Yeong v General Medical Council [2009] EWHC 1923 (Admin)
Dr Yeong’s GMC registration was suspended for 12 months following a sexual relationship with a former patient. Dr Yeong obtained an expert report from an experienced psychiatrist who assessed that he did not have a psychological disposition to engage in sexual relationships with patients, the likelihood of recurrence was extremely low, and that Dr Yeong did not pose a risk to patients in his professional capacity. On appeal Dr Yeong contended (amongst other things) that the panel applied an incorrect impairment test.
In dismissing the appeal, the Court said:
The question of the possibility of a recurrence of such misconduct by Dr Yeong was a matter of the ordinary assessment of likely human behaviour, in relation to which a psychiatrist’s expertise confers no special privileged insight. The assessment of risk of any particular form of future behaviour is the sort of task which courts and tribunals regularly perform without needing to refer to expert psychiatric evidence.
Importantly, the panel’s view was that the general public interest in clearly marking proper standards of behaviour for doctors in respect of relationships with their patients so as to uphold public confidence in the medical profession was by far the weightiest factor pointing in favour of the finding of impairment of fitness to practise and the sanction which was imposed.

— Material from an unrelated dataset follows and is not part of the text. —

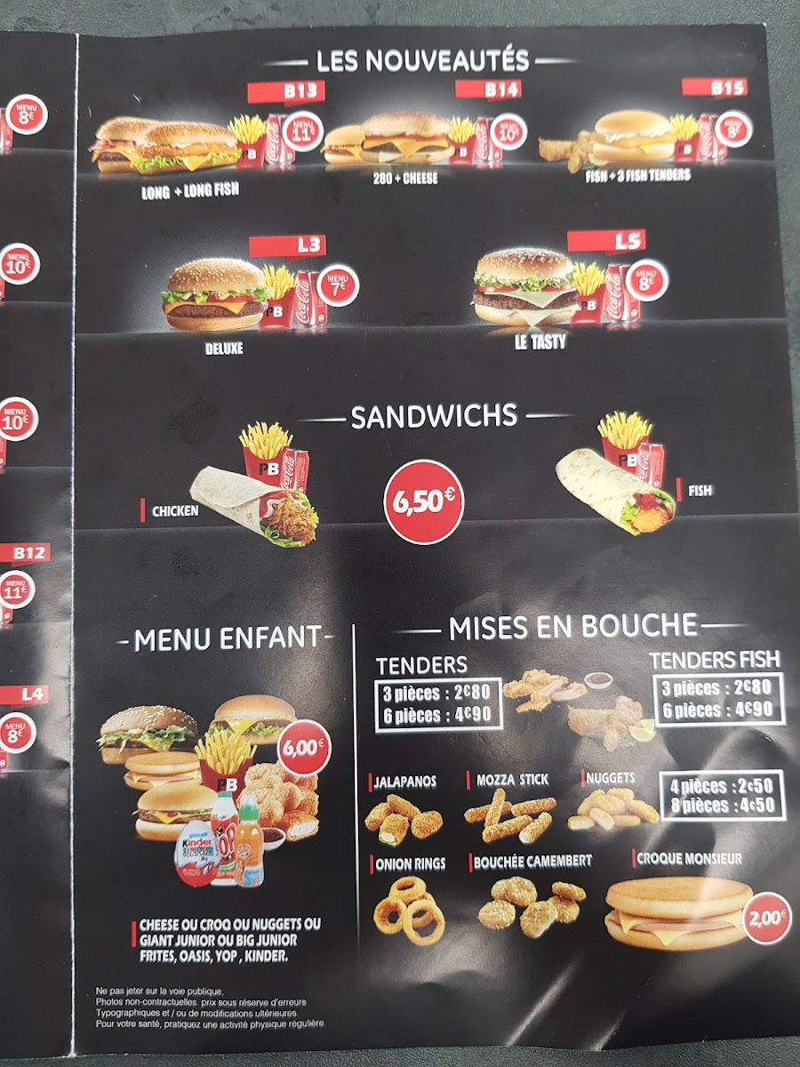 But the highlights of Point B are their signature Menus Incontournables, featuring dishes like the Cheesy Bacon with special bread, minced steaks, turkey bacon, onions, pickles, melted cheddar, ketchup, and mustard. The B11 Chick'n Beef with special bread, breaded chicken, salad, onions, pickles, melted cheddar, and a special sauce is also a popular choice.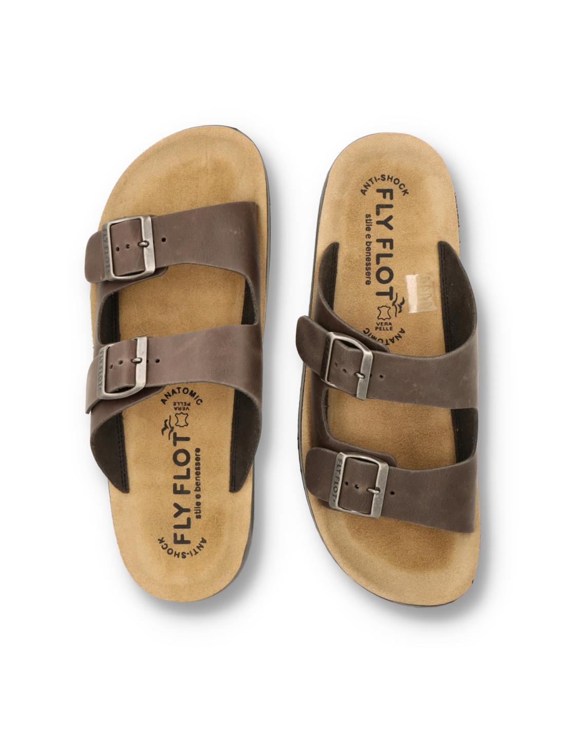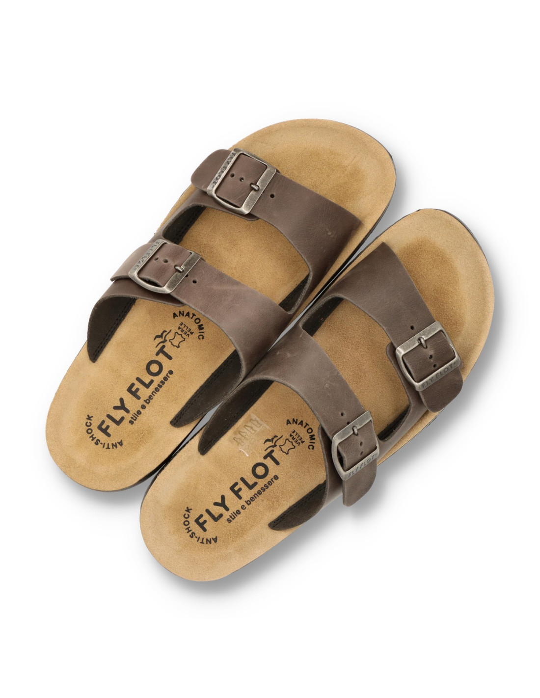 Sandalias para hombre 78-171 de Fly Flot. Sandalia clásica con el corte de piel acabado Nobuk, empeine con hebillas ajustables. Suela super ligera con sistema antishock. Made in Italy.

Where a panel considers that the case is one where the misconduct consists of violating such a fundamental rule of the professional relationship between medical practitioner and patient and thereby undermining public confidence in the medical profession, a finding of impairment of fitness to practise may be justified on the grounds that it is necessary to reaffirm clear standards of professional conduct so as to maintain public confidence in the practitioner and in the profession. In such a case, the efforts made by the practitioner in question to address his behaviour for the future may carry very much less weight than in a case where the misconduct consists of clinical errors or incompetence.
Zygmunt v General Medical Council [2008] EWHC 2643 (Admin)
Professor Zygmunt appealed the panel’s decision that his fitness to practise was impaired and to impose a 2 month suspension. The allegation against Prof Zygmunt arose out of a wrong diagnosis that the patient suffered from a tumour and not an infected abscess.
The Court noted that even if a panel properly finds that a practitioner has been guilty of misconduct, it may nevertheless conclude that his/her fitness to practise is not impaired. In many, perhaps the great majority of cases, the issue will not be live, but in cases in which it is, it must be separately and appropriately addressed by the panel.
The Court went on to say that it agreed with the decision reached in the Cohen case that when fitness to practise was being considered, the task of the panel is to take account of the misconduct of the practitioner and then to consider in the light of all the other relevant factors known to them whether his or her fitness to practise is (rather than has been) impaired.